PROMPT: When you copy the listing, reproduce each line as it appears and omit every image.

GIVEN DATA:

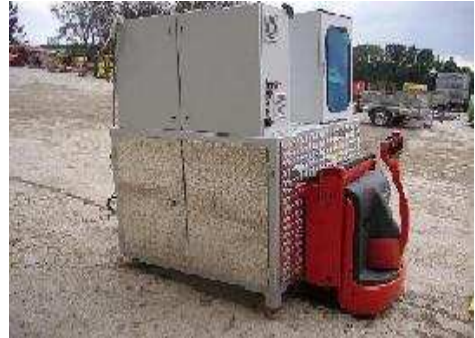
Computer gesteuerte Schneideanlage
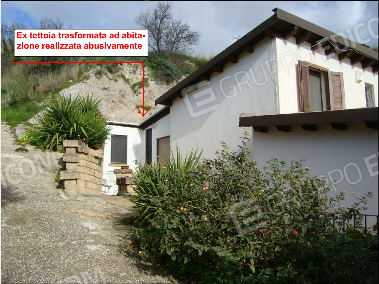
Prospetto lato EST

Stampa professionale: ALFONSO CAVALERI , PROVINCIA DI AGRIGENTO , N. 1943

RESULT FOR THIS TASK:
Computer gesteuerte Schneideanlage
Prospetto lato EST

Stampa professionale: ALFONSO CAVALERI , PROVINCIA DI AGRIGENTO , N. 1943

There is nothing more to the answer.